The picture added is not me but is one of my fish that the lucky customer has just caught from our lake.
.


----------



## brillopad (Mar 4, 2008)

peejay said:


> I remember seeing a programme on TV quite a while back about an English couple who bought a French site with a fishing lake.
> 
> For a reason I can't remember they had to drain the lake and refill it.
> 
> ...


It was a builder Bloke from Banstead very hard working ,I don't think it was a campsite just a fishing lake, not sure but I think that they bought the place and never had fishing rights too it


----------



## eurajohn (May 9, 2005)

That was Kevin and Carol Snuggs and the Lake was called Clearwater Lakes.
They developed it to a successful business, they sold up eventually and moved abroad I think to New Zealand.
.


----------



## Harrers (Dec 21, 2011)

I stayed on this site last year from September to November. I am not into fishing but moved next to the lake when the pitches became vacant so I had a better chance of picking up the camp's wifi from the office on the other side of the lake. The family started work on carrying out improvements as soon as the season ended. It looks from the newsletter on their website that work is progressing well.
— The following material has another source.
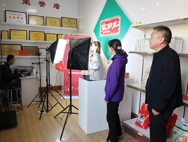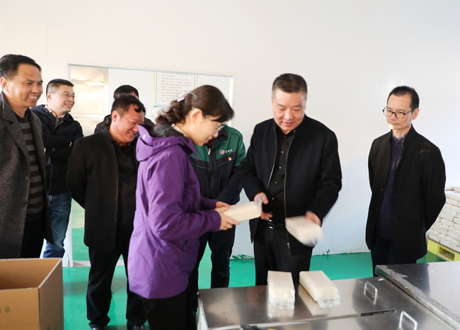 调研组先后参观“盐田玉”抖音带货直播间、“盐田玉”生产加工车间、大新农场水稻收割现场。
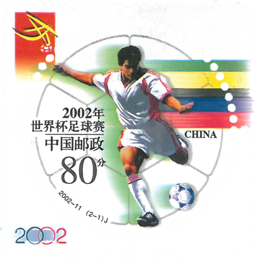 2002年世界杯足球赛于5月31日至6月30日在韩国和日本举行。中国国家足球队第一次进入世界杯足球赛决赛圈。中国队于2001年10月7日,在沈阳五里河体育场,战胜阿曼队,以小组第一的成绩提前两轮出线。经过44年的努力,中国足球终于在第七次冲击中圆了世界杯之梦!国家邮政局5月16日首次发行一套圆形邮票,并以"新的起点"和"团结拼搏"为两枚邮票命名,寓意深刻,既将中国足球运动这一具有历史意义的事件记录在邮票上,更为踏上世界杯征程的国足队员们加油!

In early November, a keen fisherman and his partner moved in next to us by the lake. His name is Simon Stuart (of http://www.guidedfishingholidays.com) and I didn't see him catch this 41lb carp at 1 am one morning but think that this is the mirror carp featured in the gallery on the camp's website. He posted the picture on Fbook.
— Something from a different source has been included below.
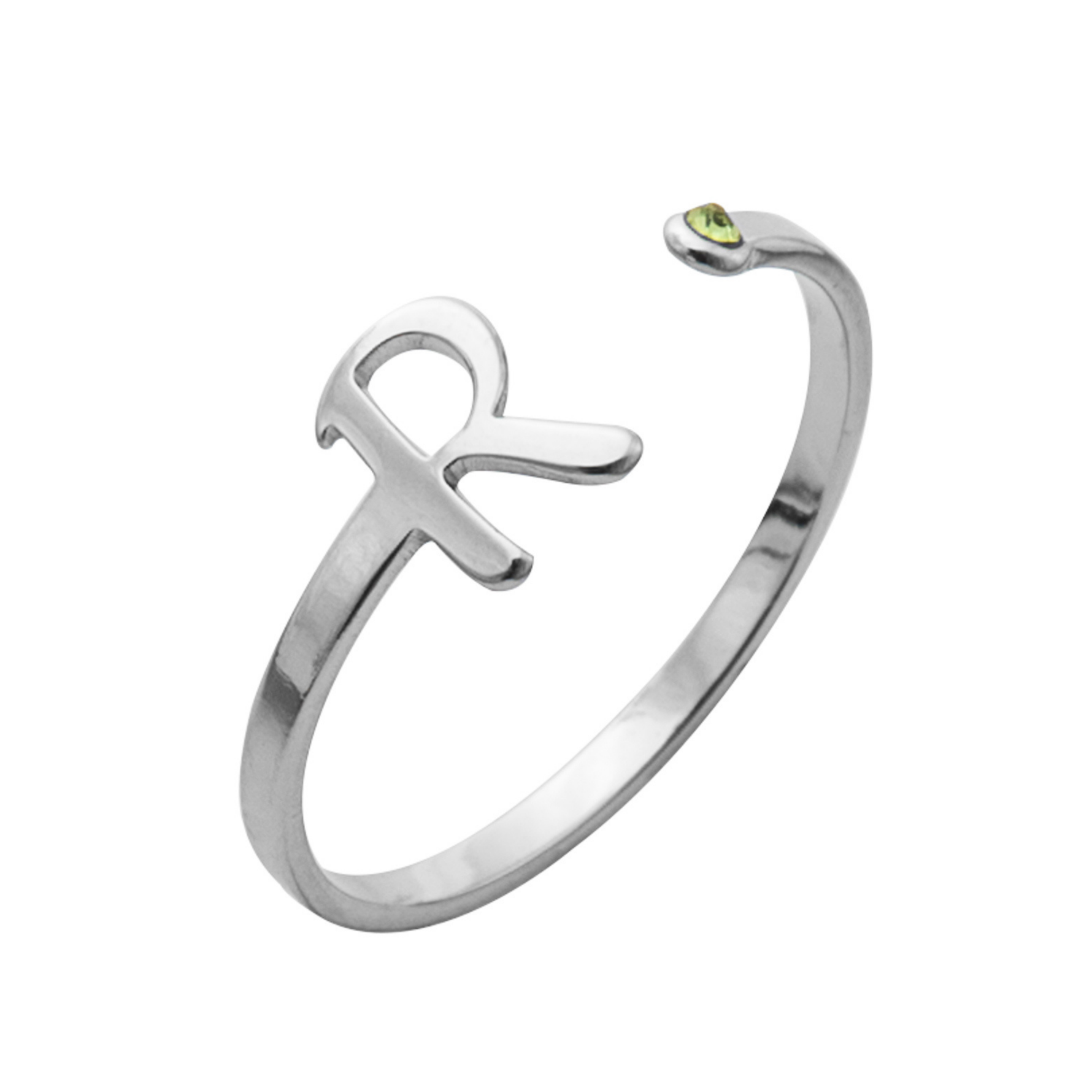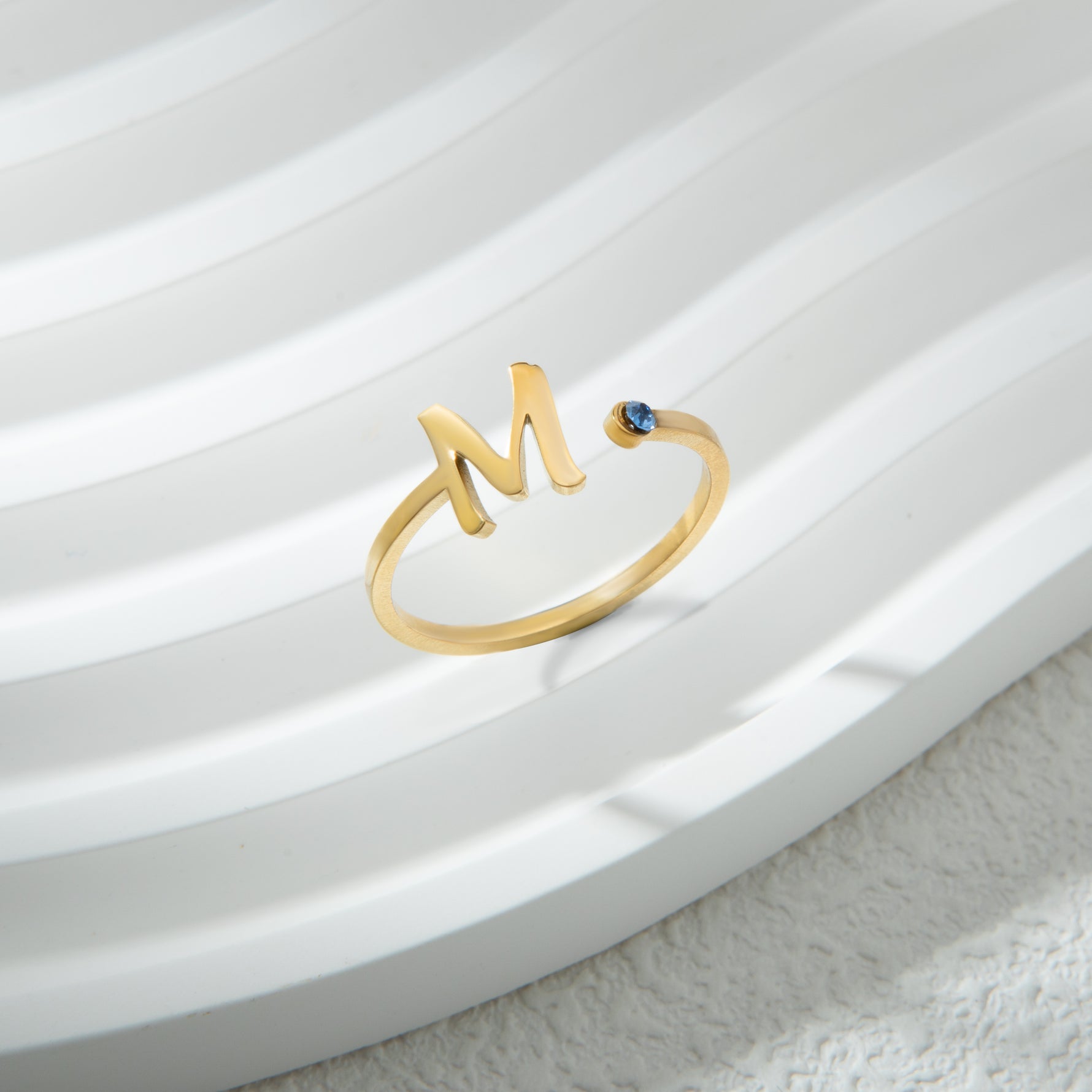 This delicate open-band design features your chosen initial and a brilliant birthstone, blending timeless charm with a personal touch.

I enjoyed staying at the campsite and getting to know the area. I wouldn't say its in the middle of nowhere as Rouillac isn't far. Although there is no shop in the village you can have bread delivered to the camp and during the season there is a bar and a bistro. It's only 3 km to the next village Genac - a gentle cycle ride where there is a small spa-shop/bar/post office/cafe. Angouleme is only about 20 minutes drive. I have to declare an interest though as I am hoping to buy a small house in the village - hence my lengthy stay!


----------



## Gretchibald (Jul 22, 2011)

Yes I suppose ' the middle of nowhere' was a bit of an overstatement, it's just that the main roads to/from the place seemed pretty featureless. We wondered why the Romans built that theatre there, maybe 'cos it was the only suitable hill for miles. Strangely though , we liked the place and can imagine it would be a nice enough place to live if you could integrate with the locals, wish you good luck with your venture. ( as usual I have a video clip)


----------